2009年10月1日木曜日

海の香り




 とても不思議な人を見ました。それは、ある初夏の日の午後の事でした。



 私は、東京の地下鉄である有楽町線から半蔵門線に乗り換えるエスカレータの階段の上に立っていました。私は、グレーのスーツ姿で顔から流れる汗を厚手のタオル地の青い木綿のハンカチで拭きながら、仕事を探す、言いようのない不安な気持ちで会社の営業を忙しそうにアッチコッチと、毎日歩いていました。



 そのエスカレータは、とても長く100メートル位はあるでしょうか。 そして、様々な服装の男女が、いつも列を成して、そのエスカレータを利用していました。



 私は、薄汚れた赤色のビニール質の手すりに右手をかけ、半蔵門線のホームにつながっている下り方向のエスカレータに乗りました。そして、足元から顔を上げました。その時、反対方向から昇って来るエスカレータに乗り始めた男の人の姿を私の目が捉えました。姿勢の良い立派な体格をした外国の壮年の男の人です。長袖の薄青のワイシャツを着て、グレーのズボンと黒い革靴を履いていました。彼は金髪の白人で、涼やかな目と顔立ちをしていました。そして、彼との出逢いは数分で終わりました。話をすることも、目を合わせる事も、振り返ることもありませんでした。
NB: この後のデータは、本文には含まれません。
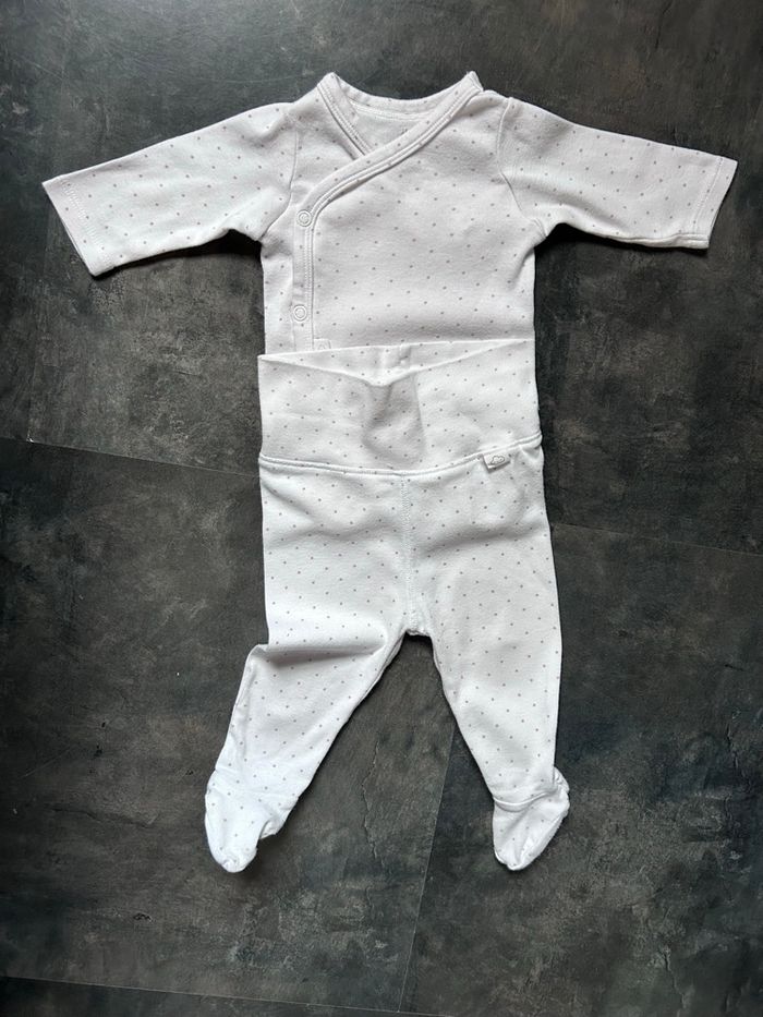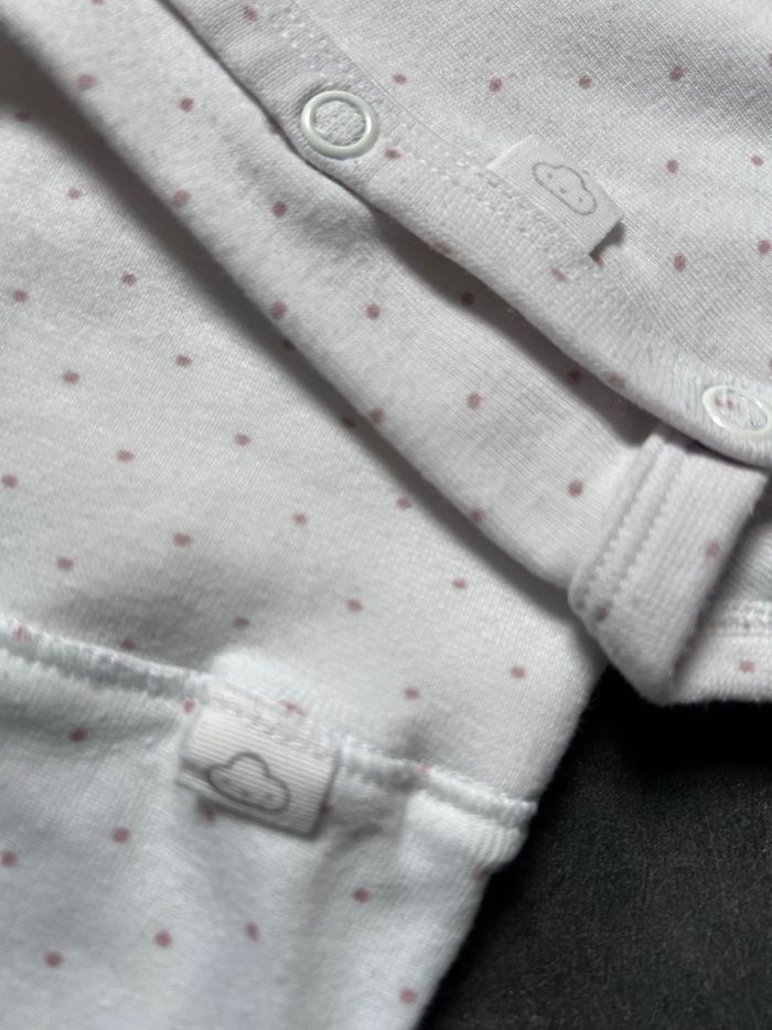 Ensemble Bodys cache cœur ouverture devant et caleçon avec pieds Taille 1 mois 56 cm 100% coton blanc à points roses H&M

 しかし、彼を見た瞬間から、私の想いは、遠い昔の日に見た故郷の海と空の中に飛んでいました。幼い子供時代に、毎日のように誰も居ない錆びれた古い港の上を飛び跳ねて遊んだ気ままな自分と世界を感じていました。秋の日の青い空に群れ飛ぶウミネコの騒がしい鳴き声を耳にして、波に濡れた砂の上を素足で歩いている、何者からも解き放たれたような自分を感じていました。 高い空に輝く太陽の光を浴びて、キラキラと金色にさざめくような海の波を、一人古い港の苔むした大きなセメントブロックの上に座って何時までも何時までも眺めていた自由な時間を感じていました。



 彼の目や、鮮やかな顔には大空の下で、ゆうゆうとした青い海の穏やかで厳しい表情が刻まれていました。彼の姿は、水平線に広がる大海原や、波が洗う砂の上を吹く潮風の香りを身に纏っていました。そう、幼い子供時代の環境の中に居た人々と同じ海と潮の匂いを、身につけていました。



 人が生きる人生も海に似ています。大波、小波、荒れたときもあれば、天気の良い凪の時もあります。沈んだり、浮かんだり、泣いたり、笑ったり、怯えたり、時には嬉しさに打ち震えていたりしています。みんな、人生と呼ぶ海に生き、しかしやがては、静かに終わりの日を迎えるでしょう。ちょっと周りを見てください。あなたが見ている人達ですが、100年も経てば、みんなこの世の中から、姿を消して、いなくなるのです。